Par Frédéric CHHUM - Avocat | Modifié le 12-03-2015

Après le passage en force du projet de la loi Macron « pour la croissance, l'activité et l'égalité des chances économiques » par le biais de l'article 49 alinéa 3 de la Constitution devant l'Assemblée nationale, le projet de loi va être examiné par le Sénat le 6 avril 2015.

Concernant la réforme sur la justice prud'homale, le Ministre de l’Économie, Emmanuel Macron, souhaite modifier la justice prud'homale pour qu'elle soit plus efficace et rapide. La principale critique reposait essentiellement sur le délai de traitement des demandes formées devant la juridiction prud'homale, durée moyenne qui varie selon les Conseils de prud'hommes, pouvait aller jusqu'à 2 ans.

Les parlementaires ont adopté la réforme de la justice prud'homale dont les principales mesures sont les suivantes :

1) Une ouverture du règlement alternatif des litiges

Pour éviter d’engorger la justice prud'homale, deux modes de règlements alternatifs des litiges vont voir le jour, auparavant fermés en droit du travail : la médiation et la procédure participative.

Ainsi, les parties pourront convenir d'une procédure autre que les prud'hommes pour solder leurs différends, à condition d'accord unanime.

Les parties pourront saisir le Conseil de prud'hommes d'une demande d'homologation judiciaire d'un accord portant sur des litiges internes. Ce recours à la médiation ou de conciliation extrajudiciaire restera une faculté ouverte aux parties.

Le projet de loi prévoit également la possibilité de régler les différends par le biais d'une convention de procédure participative. Dans ce cas, les parties s'engagent, avant tout procès, à rechercher une solution amiable, chacune étant assistée par un avocat.

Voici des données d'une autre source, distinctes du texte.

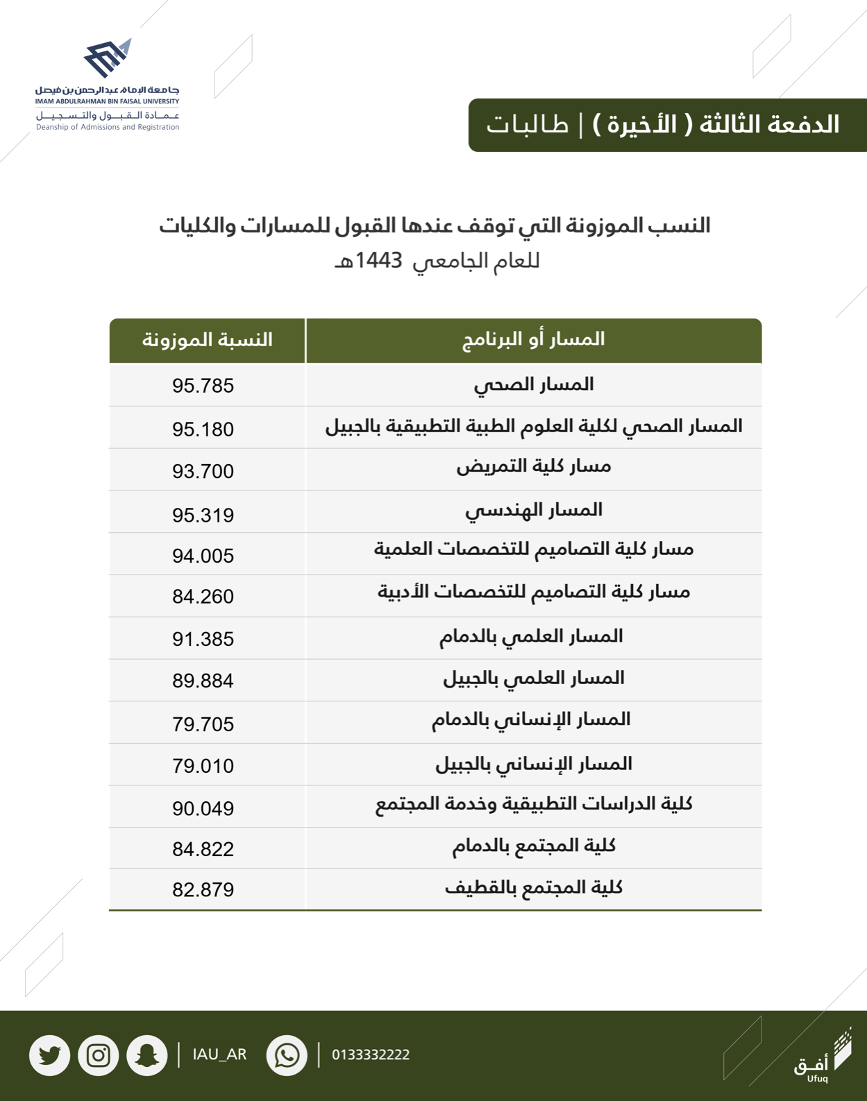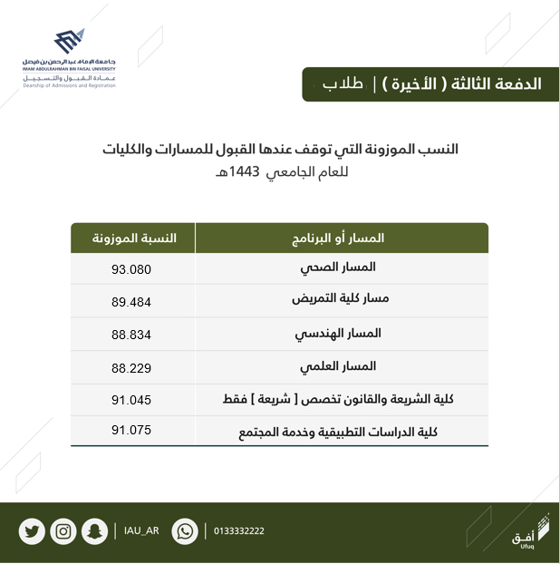 أعلنت جامعة الإمام عبدالرحمن بن فيصل ممثلة بعمادة القبول والتسجيل عن الدفعة الثالثة من الطلاب والطالبات المرشحين والمرشحات للقبول في مسارات السنة التحضيرية والبرامج الأخرى للعام الجامعي القادم 1443ه.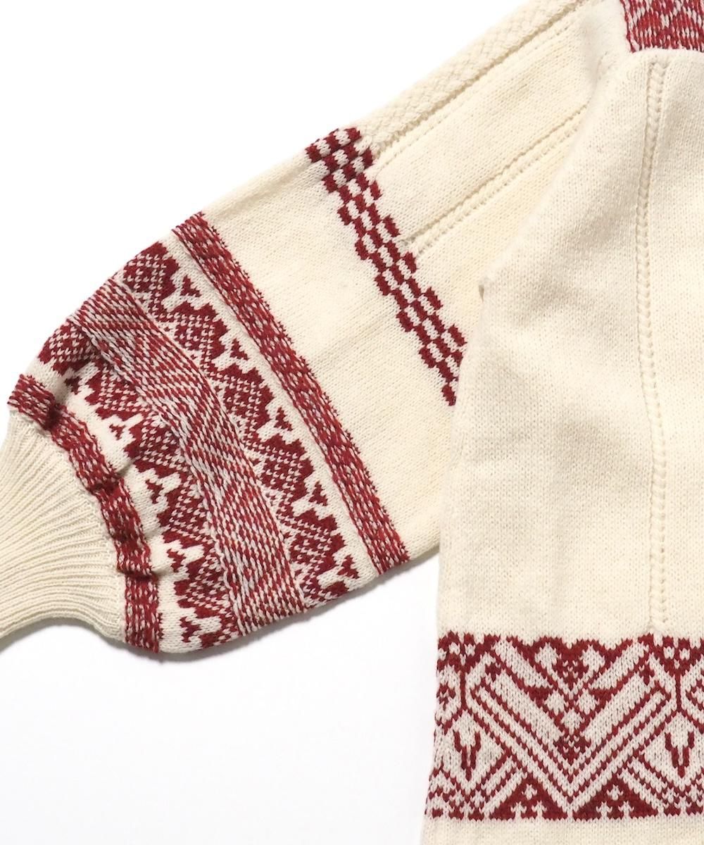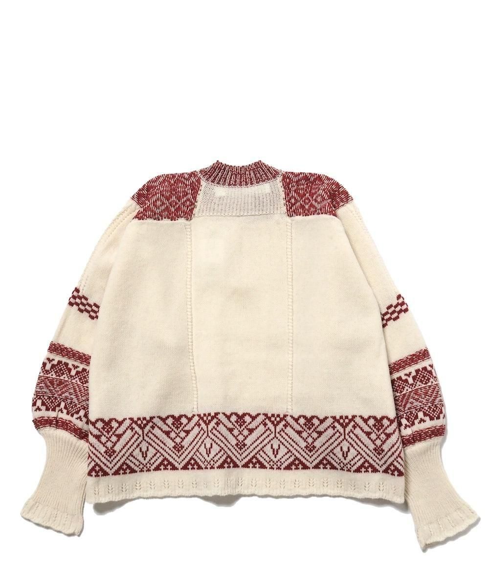 異なる編み地で柄模様を表現したニットブラウス。 原毛は寒暖の差が激しくスーパーファインウールの産地として知られているオーストラリア東部のニューサウスウェールズ州産のラムズウール。 ラムズウールはメリノウールの中でもよりソフトな生後6ケ月までの毛を使用しています。 子羊は、一生で一度しか羊毛を採取できません。 生後3〜5か月の子羊はスケール(人間の毛髪で言うキューティクル)やクリンプ(縮れ)が未発達なので、 極度に柔軟で微細なため最終のニット製品に非常にソフトな感触を与えます。 また一般のウール素材と比較すると美しい発色の良さも特徴です。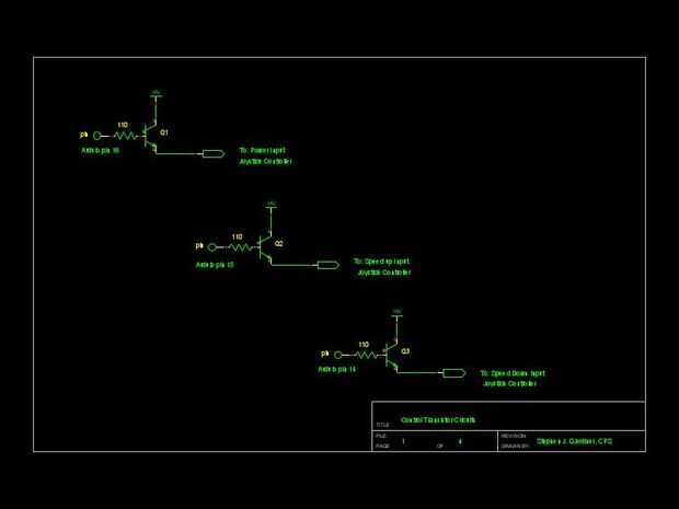 Activación de la unidad y el control de la velocidad. Otra vez usando la fuente 5vdc del controlador joystick yo soy disparo un transistor para cada entrada de pulso. Los botones de potencia y velocidad son momentáneos, en este caso se utilizo el software para activar el pin de salida Arduino luego alta baja con un retardo de 500ms, simular una pulsación.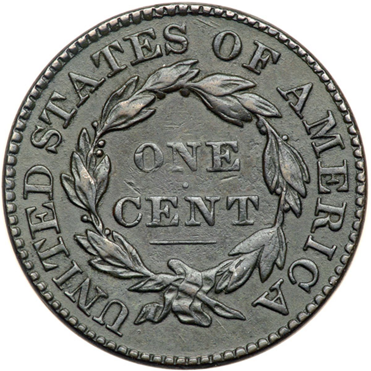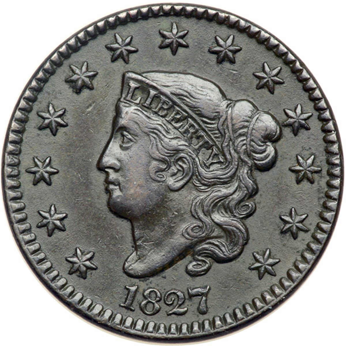 1827 N-5 R2 VF30. Slightly sharper but there is some fine crud in protected areas, mostly on the reverse. Otherwise this piece is void of defects other than a few trivial ticks. Glossy dark olive brown with frosty luster showing through in the protected areas. Nicely struck EDS.
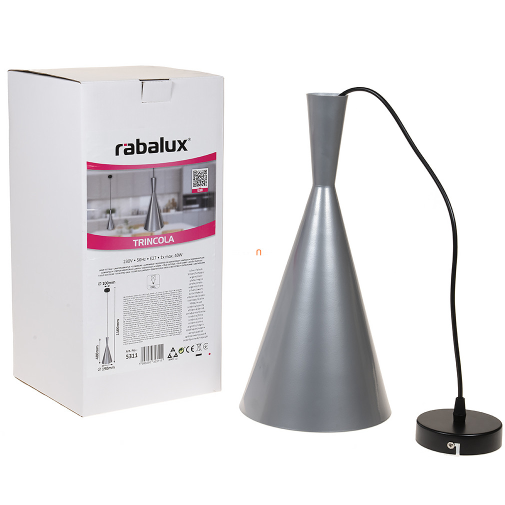 A Trincola Rábalux 5311 függesztett lámpa modern stílusban készült, 19 cm átmérővel és 110 cm magassággal. A lámpatest fekete és ezüst színű, fém anyagból készült, mely tartósságot és elegáns megjelenést biztosít. Az E27-es foglalat egy darab cserélhető fényforrás befogadására alkalmas, amely nem tartozék. A lámpa nem szabályozható, IP20 védettséggel rendelkezik, így beltéri használatra ajánlott. A termék tömege 0,5 kg, csomagolási méretei 20x20x41 cm. A Trincola Rábalux 5311 ideális megoldás lehet lakásvilágítási projektekhez, ahol a modern dizájn és a funkcionalitás kiemelt szempont.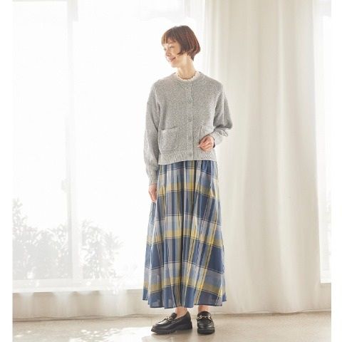 チェック柄が目をひくタックギャザースカートです。はり感のある綿混生地を使用しました。程よいボリューム感で、女性らしい着こなしが楽しめます。シンプルなトップスと合わせるだけでコーデが決まります。ウエストゴムで着脱や着心地がラク。左右ポケット付きです。

En cas d'accord, le juge pourra être saisi pour homologuer l'accord afin de le rendre exécutoire. En cas d'échec, les parties devront aller devant le Conseil de prud'hommes. Les parties ne seront pas dispensés de la conciliation (article 2066 du Code civil nouveau).

2) Un bureau de conciliation et d'orientation

En effet, le bureau de conciliation sera désormais le « bureau de conciliation et d'orientation ».

L'objectif du Ministre est de ne plus considérer le bureau de conciliation comme une simple phase procédurale. Sa mission principale est de « concilier les parties » (article nouveau 1454-1 du Code du travail).

Par ailleurs, le bureau de conciliation et d'orientation assure désormais la mise en état des affaires (rassemblement des pièces...). L'article L.1454-1-2 (nouveau) prévoit qu' « un ou deux conseillers rapporteurs peuvent être désignés pour que l’affaire soit mise en état d’être jugée. Ils prescrivent toutes mesures nécessaires à cet effet. »

De plus, l'article L.1454-1-3 (nouveau) du Code du travail dispose qu'«en cas de non-comparution d'une partie, sauf motif légitime, le bureau conciliation et d'orientation peut juger l'affaire, en l'état des pièces et moyens que la partie comparante a contradictoirement communiqués ».

Par ailleurs, les conseillers prud'homaux auront un rôle plus important car ils choisiront la voie la plus adaptée pour le traitement de l'affaire : la formation normale, la formation restreinte ou le renvoi direct en départage.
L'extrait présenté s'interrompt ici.